You must live somewhere nice.
I do, Jane.
I've never lived anywhere nice enough to get deliveries.
Come round.
Well, I get it for work purposes.
So, you know, fired up through the auspices of Times Radio.
Does a member of staff just bring it to you?
They do, on a silver sofa.
With a cup of tea.
Yeah, wearing white gloves every morning at exactly the right time.

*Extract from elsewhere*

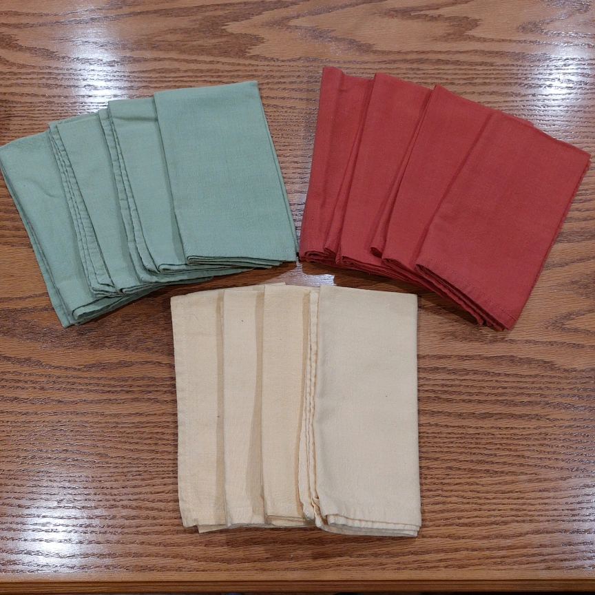 12 brand new cotton table napkins! Perfect for family dinners. 4 Green, 4 yellow and 4 rust coloured.

But it's such a beautiful thing, actually.
I really, really enjoy the newspaper.
And it's such an obvious thing to say, but I just love the fact that I'll start reading an article on page 16
and my eye is drawn to page 17.
So I read stuff that I wouldn't normally read.
And it just doesn't happen when you're reading online.
But my two teenagers I mean
one of them's you know practically a young adult by now they have no interest in picking up the
newspaper or the magazines so they're lying all around the house they're you know they're in every
room we're not particularly tidy at Glover Towers but they just don't have that curiosity and I am
sad for them because of that because because I'm absolutely with you.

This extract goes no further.